For junior faculty and staff physicians who have the opportunity to work with mentors, the “managing up” model described by Zerzan et al20 provides an approach that equips the mentee to get the most helpful feedback from the mentor by taking ownership of the process. Also, the shortage of available senior mentors in hospital medicine suggests that alternative models of mentorship (ie, peer, group, and distance) may need to be explored as potential solutions to enhancing mentorship.21
Our study has several limitations. First, all staff physician and junior faculty respondents were from 1 division of an academic medical center that in the process of the study became 2 divisions. Because the Hospitalist Division was just becoming separate from the General and Community Pediatrics Division, the mentoring experiences between general pediatricians and hospitalists were not discernibly different. Although qualitative research does not aim for generalizability, our findings may nonetheless be transferable to other pediatric departments or departments in other disciplines to guide development or improvement of mentoring programs.
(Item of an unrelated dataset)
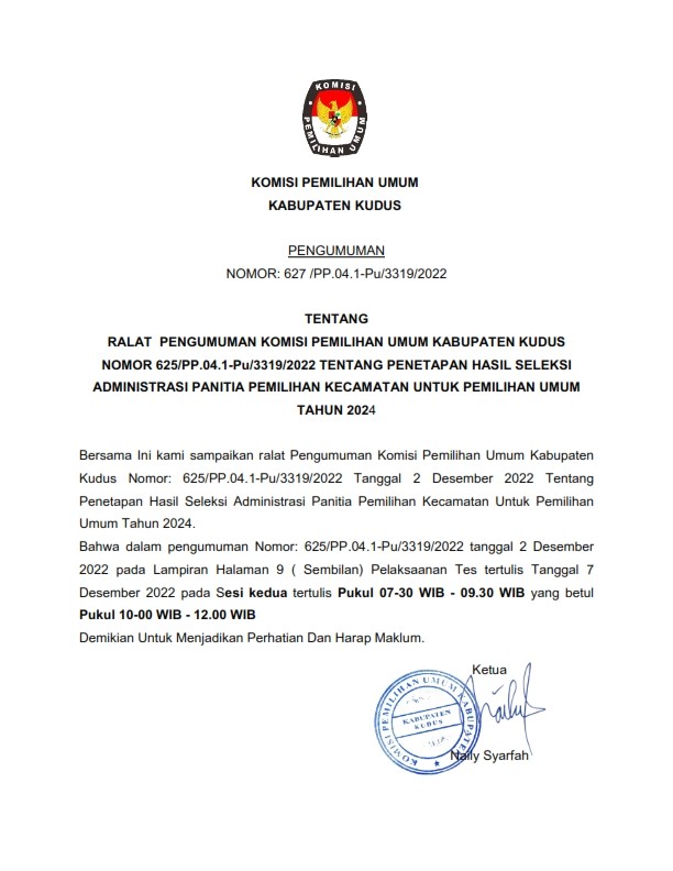 PENGUMUMAN NOMOR: 627 /PP.04.1-Pu/3319/2022 Minggu, 04 Desember 2022 07:00 315 lampiran pengumuman bisa diunduh (disini) Bagikan: Dilihat 315 Kali.

Second, although our sample of junior faculty and staff physicians was robust for a qualitative study, our experienced mentor group was small. Third, we did not attempt to document outcomes or assess any particular program, but key themes identified may be used to inform future mentoring initiatives.
Developing academic physicians to their utmost potential is critical for advancement in academic medicine. Hospital medicine, as a rapidly developing pediatric specialty, is well-positioned to implement mentoring standards to ensure clinical physicians are mentored in academic pursuits, thus optimizing the potential beneficial impact for individuals, families, learners, and institutions.
Special thanks to Janet Schultz, PhD, Director of Graduate Psychology at Xavier University, Cincinnati, Ohio, and to Brian Matevia, MDiv, Chaplain Research Assistant at Cincinnati Children’s Hospital Medical Center for their help coding the transcripts. Special thanks to Constance Baldwin, PhD, Professor of Pediatrics, University of Rochester Medical Center, and Raymond Baker, MD, MEd, Professor Emeritus of Pediatrics, Cincinnati Children’s Hospital Medical Center, for their editorial feedback. Very special thanks to the junior faculty, staff physicians, and experienced mentors who were willing to be interviewed for this study.
FINANCIAL DISCLOSURE: The authors have indicated they have no financial relationships relevant to this article to disclose.
FUNDING: No external funding.
POTENTIAL CONFLICT OF INTEREST: The authors have indicated they have no potential conflicts of interest to disclose.